In Iceland, we have to deal with all kinds of challenges, because we are on a remote island with a tiny population. Many things are not readily available, and we often have to rely on last-minute solutions to problems. On top of it, the weather is very unreliable, making outdoor filming something that has to be approached with an open mind. These challenges also mean that people are resilient and nimble to react. On set, this translates into quick and almost wordless interactions. My crew was small and everyone was tuned to the task at hand, enabling us to catch unexpected moments.


Please share a few words about your actors.

All the actors in our film are immensely talented and they were a great joy to work with. They kept the perfect balance between professionalism and playfulness, and they were extremely dedicated and hardworking. Our main actress, Elín Hall, can convey a wide variety of emotions with barely perceptible changes of expression. She embodied both the strength and tenderness I was looking for, and her ability to show rather than tell provided the essence for the character of Una. The ability to convey the unsaid is equally strong with both Katla Njálsdóttir and Mikael Kaaber, the actors supporting Una. Together they formed the kernel of intensity that propels the narrative without too much dialogue.

What did you learn during the course of making this film?

This film is my first project after the pandemic.
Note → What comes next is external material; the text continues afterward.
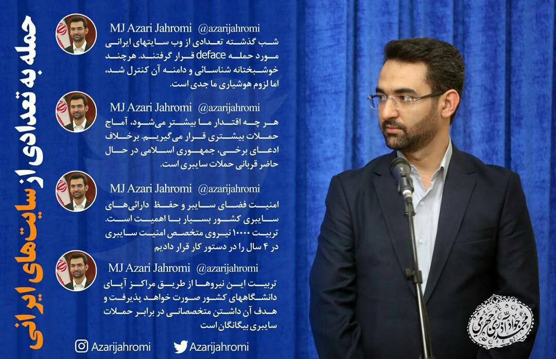 به گزارش سیتنا، مهندس آذری جهرمی با انتشار عکس نوشته ای در صفحه رسمی خود، در شبکه اجتماعی اینستاگرام ، نسبت به حمله به وب سایت های ایرانی، در شب گذشته واکنش نشان داد و نوشت: شب گذشته به تعدادی از وب سایتهای ایرانی حمله ای صورت پذیرفت. هر چند سریعا شناسائی و دامنه آن کنترل شد، اما لزوم هوشیاری ما جدی است.

After three years of relative solitude in which the story evolved and I was in close contact with only a handful of people, finally making the film was a joyful reminder of the energies that are released when working together with other people. I rediscovered that filmmaking is essentially a communal undertaking; it can’t be done alone.


What would you like people to remember from your film?

Una, our main character, is an outsider in the events that unfold around her, even though she is in fact at their center. Because of a secret she carries, she can’t claim the space she deserves in the grief that she experiences. Una has to make space for everyone else’s emotions whilst preserving her own dignity.

The film asks how we deal with our roles in drastically shifting relationships and encourages us to find love and beauty even in the face of pain.